## INFORMATION
▼▼▼

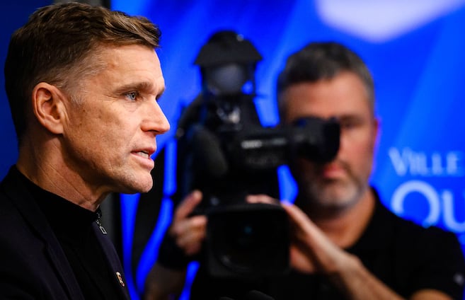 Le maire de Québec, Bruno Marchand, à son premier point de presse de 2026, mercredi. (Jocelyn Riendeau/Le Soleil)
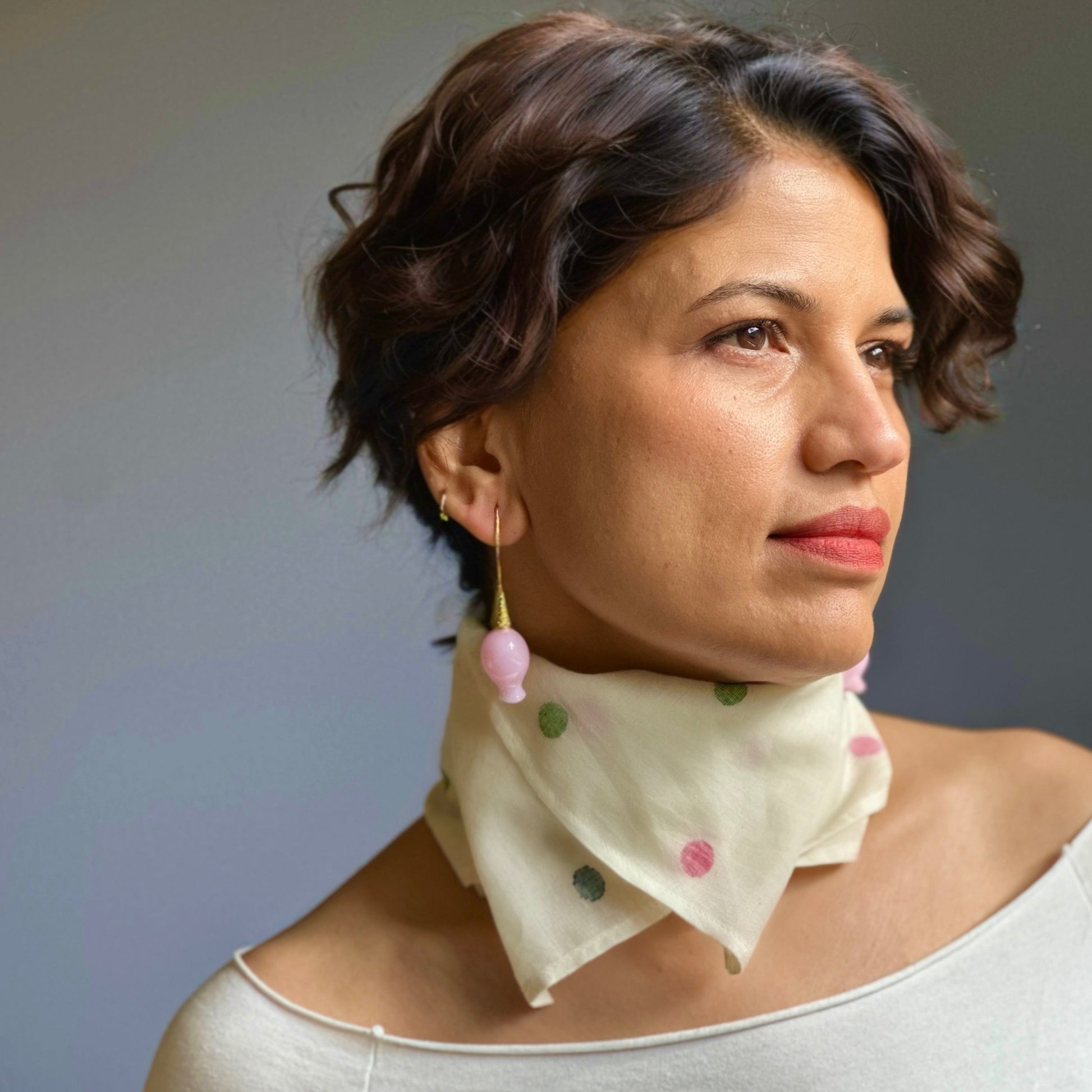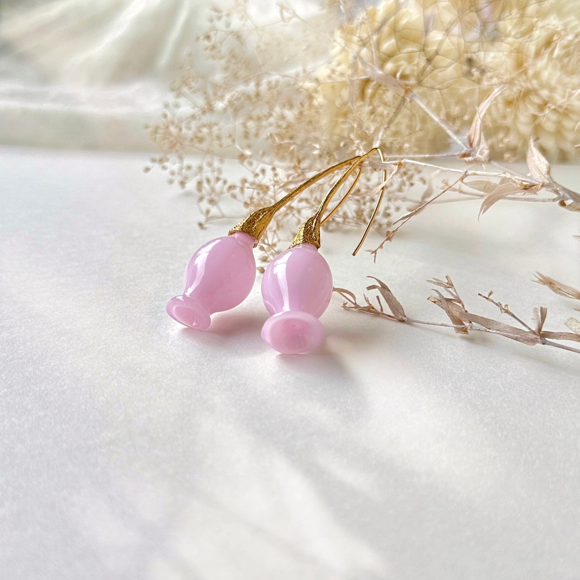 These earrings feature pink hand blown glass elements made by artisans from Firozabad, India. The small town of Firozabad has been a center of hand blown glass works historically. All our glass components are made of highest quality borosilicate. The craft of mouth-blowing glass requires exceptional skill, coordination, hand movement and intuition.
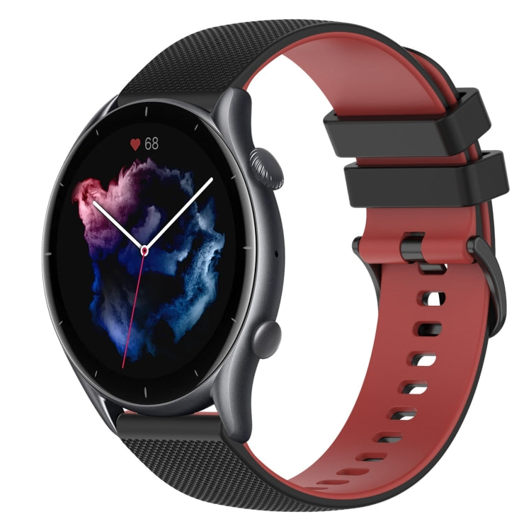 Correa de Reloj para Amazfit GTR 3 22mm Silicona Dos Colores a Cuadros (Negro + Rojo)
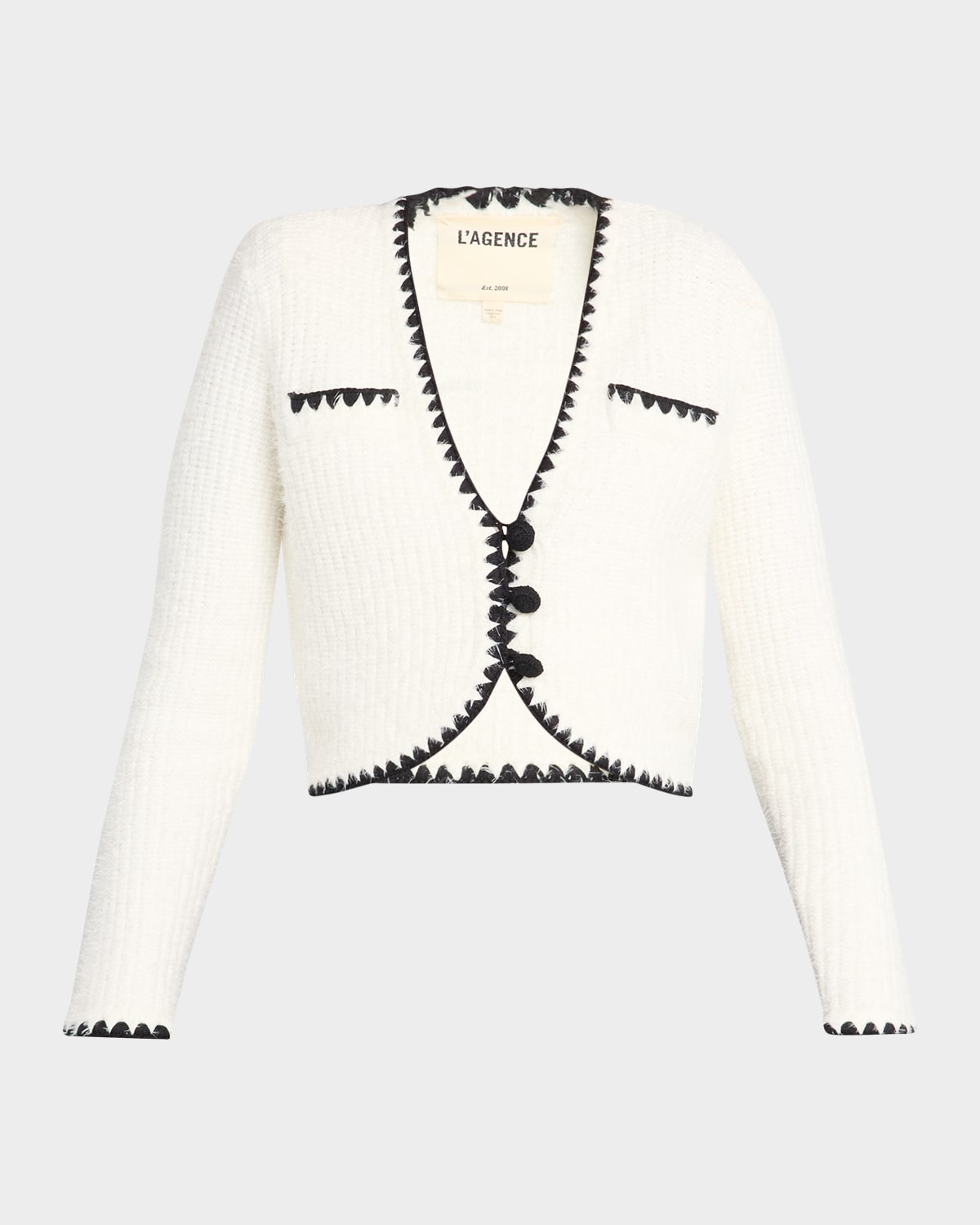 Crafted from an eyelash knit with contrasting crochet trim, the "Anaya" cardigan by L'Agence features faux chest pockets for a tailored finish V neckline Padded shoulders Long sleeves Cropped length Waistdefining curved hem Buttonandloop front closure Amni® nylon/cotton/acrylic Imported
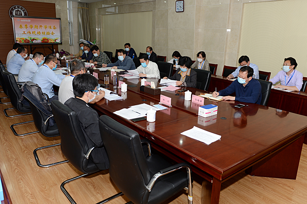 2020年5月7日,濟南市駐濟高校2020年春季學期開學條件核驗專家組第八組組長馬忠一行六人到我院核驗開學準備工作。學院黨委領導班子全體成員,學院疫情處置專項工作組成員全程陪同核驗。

▲▲▲
▼▼▼

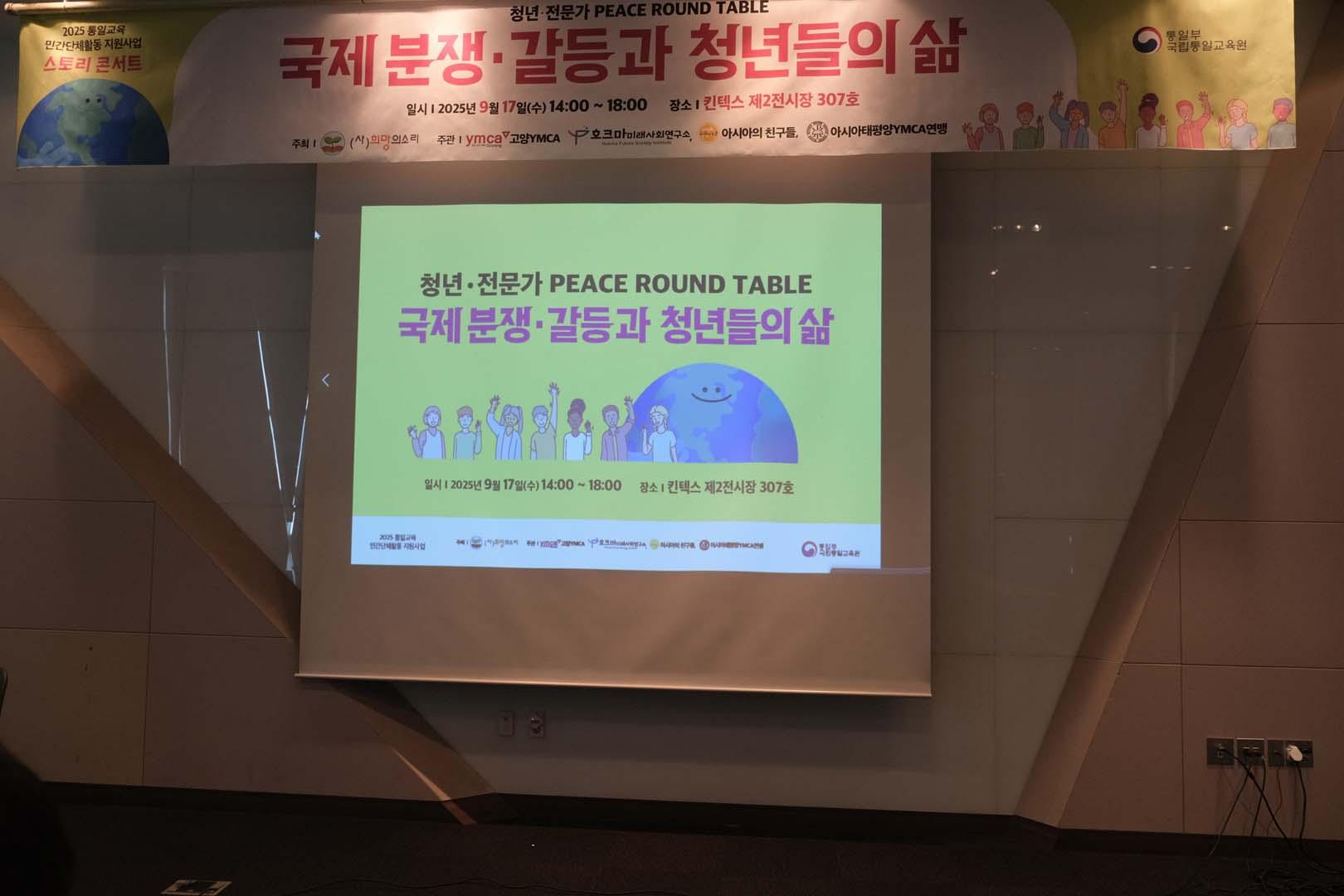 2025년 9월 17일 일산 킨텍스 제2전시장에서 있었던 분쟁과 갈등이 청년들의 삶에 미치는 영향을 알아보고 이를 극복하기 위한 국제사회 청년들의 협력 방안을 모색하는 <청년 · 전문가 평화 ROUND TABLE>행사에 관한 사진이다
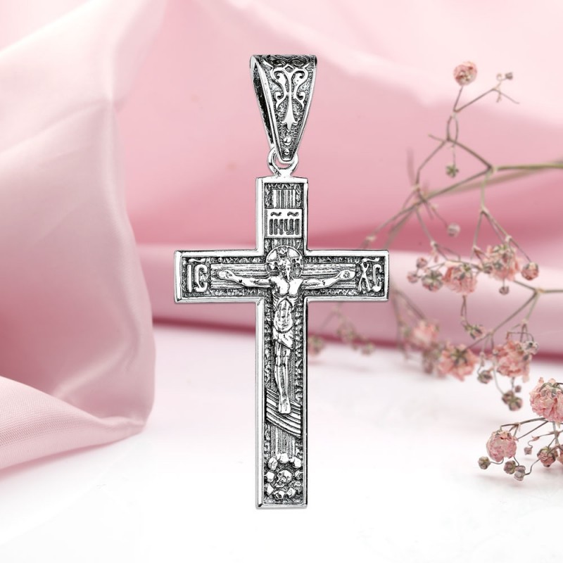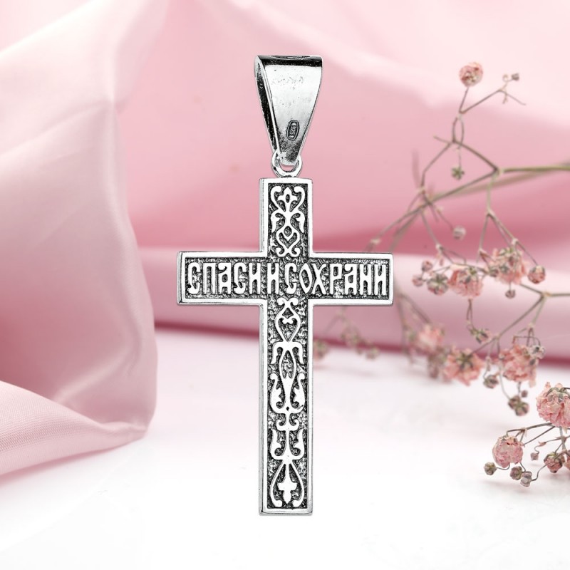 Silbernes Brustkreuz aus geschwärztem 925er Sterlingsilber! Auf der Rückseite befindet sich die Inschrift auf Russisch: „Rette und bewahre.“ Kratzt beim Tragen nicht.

▲▲▲

## EXERCISE INSTRUCTIONS
Nothing outside the stretch above, from the line with "Correa de Reloj" through the line with "2020年5月7日,濟南市駐", is set down. Transcribe that stretch exactly, ends included, but not its pictures.

## RESULT OF THIS TASK
 Correa de Reloj para Amazfit GTR 3 22mm Silicona Dos Colores a Cuadros (Negro + Rojo)
 Crafted from an eyelash knit with contrasting crochet trim, the "Anaya" cardigan by L'Agence features faux chest pockets for a tailored finish V neckline Padded shoulders Long sleeves Cropped length Waistdefining curved hem Buttonandloop front closure Amni® nylon/cotton/acrylic Imported
 2020年5月7日,濟南市駐濟高校2020年春季學期開學條件核驗專家組第八組組長馬忠一行六人到我院核驗開學準備工作。學院黨委領導班子全體成員,學院疫情處置專項工作組成員全程陪同核驗。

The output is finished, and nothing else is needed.